As Jim Harris points out here, it's not so much having data silos that is the problem: it's what is done with that data. A much more open and accepting attitude to data silos is required, because we may wail and gnash our teeth as much as we like - they're not going to go away.

Sunday, March 20, 2011

Are technology advances damaging your data quality?

Way back on a Friday evening in 1989 I took home a computer, a software package called Foxpro and a manual. By Monday morning I had written a package to manage the employees and productivity of the telephone interviewing department I was running at the time.

I've been using Foxpro ever since. It's fast, powerful, easy to use and it has unparalleled string manipulation capabilities. Unfortunately, Microsoft have stopped developing the product, and will stop supporting it in a few years time, so I recently started looking for a good replacement.

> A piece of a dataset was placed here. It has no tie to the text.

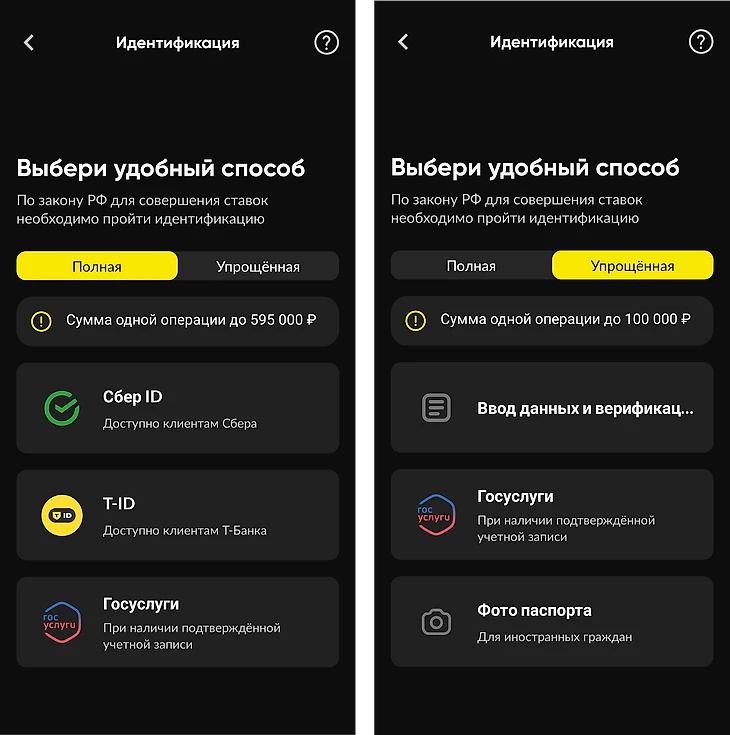 После прохождения упрощенной идентификации игрок может единоразово вносить на свой игровой счет до 60 000 рублей и до 200 000 рублей в месяц. При полной идентификации лимит на одно пополнение увеличивается до 595 000 рублей в зависимости от способа пополнения или снятия.

At first I thought I wasn't getting it. I checked site after site, product after product, expert after expert, and instead of finding products which were easier to use: more accessible, more flexible, more agile, more data-centric, I found products which were technically challenging: over-complex, cumbersome, which put wall after wall between me and my data, which required reams of coding to do the simplest action like add a field, remove a field, expand a field, and so on. And most of which were priced to suit the budgets of companies with turnovers matching the GDPs of a large African country. Yes, there are some applications (very few) that try to make process easier, but they are primitive and clunky.

Most are based on SQL (that's a query language, ladies and gentlemen - the clue's in the name - and really very difficult to use to do any type of string processing) and based on client-server setups that required a high level of technical knowledge. You can get a record and display a record and store the modifications (what SQL was designed to do), but if you want to do more than that it gets tough.

I tried to work with some of them and just couldn't get my head around them. Never mind a whole application in a weekend - creating a database in a weekend was a challenge. My synapses may not be working at the speeds that they did in 1989, but I'm not in my dotage just yet.

Many support packages - data profilers and so on - have been created to work solely with these high-end packages, even those free and open source variants, cutting out a huge chunk of the data market.

I wasn't getting it. And then I realized I was getting it. This is the state of play in the data industry at the moment. A chasm has grown between easy to use, cheap but less scaleable products (Microsoft Access, Visual Foxpro, FileMaker and so on) and those scaleable but complex (and far too expensive) client-server applications.

So how does this work in practice? Joe from sales wants to create a database of his contacts. He can't manage the complexity of the SQL system in which the company is working so he'd have to send e-mails, set up meetings to request this database, get the IT department to put it into their planning, wait six months and watch his sales plummet. Or he could open Access or Excel and start typing. Guess which is the option most people take?

These systems encourage the creation of data silos (more about those in my next post).

Data quality is adversely affected by these databases also because they put a distance between the user and their data. Being unable to actually browse through the raw data is a handicap in data quality terms. Data which is filtered through systems, even to the extent of any SQL query other than SELECT *, will be less useful and have less quality.

The data software industry needs to take a close look at what they're up to and ask themselves of they should really be producing data products which can only be used and understood by highly trained technical staff, because they're not giving the data quality industry an iota of help. They should open up their programs to those common file formats that they're currently ignoring, such as .dbf. They need to be made easier, more flexible, more agile and a good deal cheaper

As for me, I'm back with Foxpro, and I have decided to stop apologising for using it. It allows me to produce top quality data, and that's what it's all about.